The American Dream is to start a small business and develop it through years of hard work and investment. Millions of small businesses form the backbone of our economy, annually creating 60 to 80 percent of all new jobs.
Location is the key to most businesses, and the entrepreneurs typically build their reputation at a particular spot. But lately, many have been greeted by a surprise message from City Hall: their town is taking their property for the benefit of someone else.
A lifetime of effort is suddenly snuffed out by the arbitrary decision of a few councilmen or unelected city planners. The business owner can claim only an appraised value for the hollow building and land that he actually owns, and he receives $0 for the good will and revenue stream from customers he has nourished over the years. A business leasing its property usually receives no compensation, and the employees get nothing.
Citizen outrage about these intrusions into private enterprise has reached the Supreme Court, which just announced it will address this controversy. It has been 50 years since the high Court has issued a major ruling in this area, and much mischief has happened in the meantime.

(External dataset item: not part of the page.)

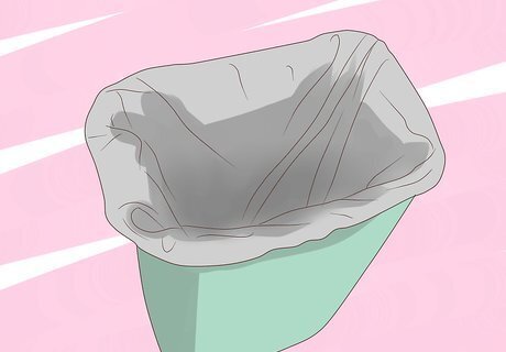 Line your pail with a nylon or PUL tote. If you do not line your pail, you will need to clean it out separately every time you wash a load of diapers. A cloth pail liner can be removed and washed alongside the diapers, saving you time and energy. Do not use bags made of cotton or other woven fabrics, however, since these will absorb the odor and moisture from the soiled diapers. Instead, use a bag made of nylon, PUL, or another water-resistant or laminated fabric. Alternatively, use a disposable plastic bag to line the pail. Plastic bags will contain the moisture and odor created by your baby's diapers, and they do not need to be washed afterward. You will need to change the bag each time you wash a load of cloth diapers, though, which can get costly and wasteful.

U.S. and state constitutions recognize the power of eminent domain but prohibit governments from taking property unless for a "public use," which traditionally meant building a public facility. The rationale was that some properties are essential to public functions, such as roads or even a city hospital, and there must be some way to deal with owners who refuse to sell.
But activist judges have redefined "public use" to mean almost anything, including unproven claims of economic benefit to the community. Increasingly, local politicians are ignoring constitutional limits.

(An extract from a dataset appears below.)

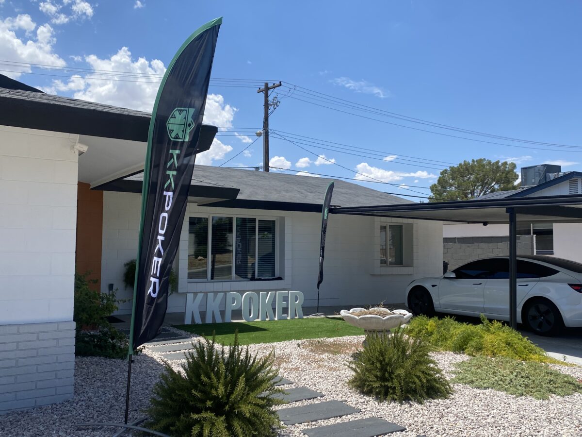 WSOPの会場から車で約10分の住宅街に位置するKK Houseに到着したプレイヤーたちを、KKPokerの旗と看板がお出迎え。看板・ネオンライト・旗などの装飾は、このKK Houseパーティーのために特注したものです✨屋外にはプライベートプールもあり、灼熱のラスベガスの暑さの中でも大好評でした☀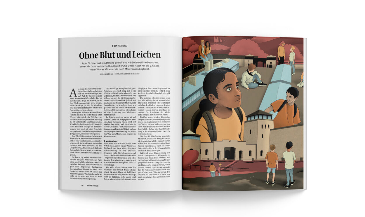 Anfang Mai und unter klarem blauen Himmel besucht die vierte Klasse einer Wiener Mittelschule als Teil ihrer geschichtlichen und politischen Bildung die KZ-Gedenkstätte Mauthausen. Jedes Schulkind solle einmal eine KZ-Gedenkstätte besuchen, schlägt die Bundesregierung vor, und seit dem Schuljahr 2023/24 hat sie eine Förderung zur Verfügung gestellt, um das zu ermöglichen.

Towns are seizing properties from small businesses to hand over to big businesses for private development. A small business that has existed successfully on a street corner for 40 years can be taken and replaced by a big shopping mall or office building that might end up in a massive bankruptcy a few years later.
The sharp increase in these "takings" of private property from one business to give to another is often traced to the infamous "Poletown" decision by the Michigan Supreme Court in 1981. That ruling authorized the demolition of hundreds of businesses, more than 1,000 homes, and even several churches in a Polish community near Detroit in order to build a new General Motors plant there.
Many states now have thousands of businesses under the threat of having their properties confiscated by local government, typically for the benefit of large corporations. This deters investment and subjects millions of workers to the risk that a bureaucrat may force them out of their jobs.
In some cases, a town even announces a massive plan to seize properties for development long before it could become a reality. That depresses property values, scares away improvements, and lowers the appraised value, thereby reducing the price the town eventually pays.
Good news arrived in July when the Michigan Supreme Court unanimously repudiated its own Poletown decision and held in favor of property owners. Siding with Edward Hathcock against the County of Wayne, the court declared its prior ruling against private property to be a "radical departure from fundamental constitutional principles."
But that "radical departure" lives on in other states, and even the new Michigan decision continues to allow takings of so-called "blighted" property. It's not too hard for a town to hang the "blighted" label on almost any property it wants to seize for a lucrative development project.
In the densely populated Northeast, outrage over threatened seizure of property has boiled over in local elections. In the Democratic township of Franklin, New Jersey, a powerful incumbent mayor was upset last November by a Republican challenger who opposed a planned use of eminent domain.
Elderly homeowners are just as angry as businessmen. Costco or Home Depot may look at a group of modest attached houses and dream of a parking lot, but the residents see their lifetime of memories.
Often the projects are financed on the backs of the same taxpayers fighting to oppose them. Development bonds are guaranteed at public expense, with the ultimate benefits going to the large corporations that flatten the area for a megastore to sell goods made in China.
In March, a 4-to-3 decision by the Connecticut Supreme Court authorized the town of New London to take the properties of Susette Kelo and many others for a private development by the wealthy pharmaceutical corporation Pfizer. Manufacturing Viagra surely is not the "public use" that our Founders had in mind when they wrote eminent domain into the Constitution.
President Bush has an excellent opportunity to win the support of small business in the coming election. He should announce that his Administration will defend private property before the Supreme Court this fall.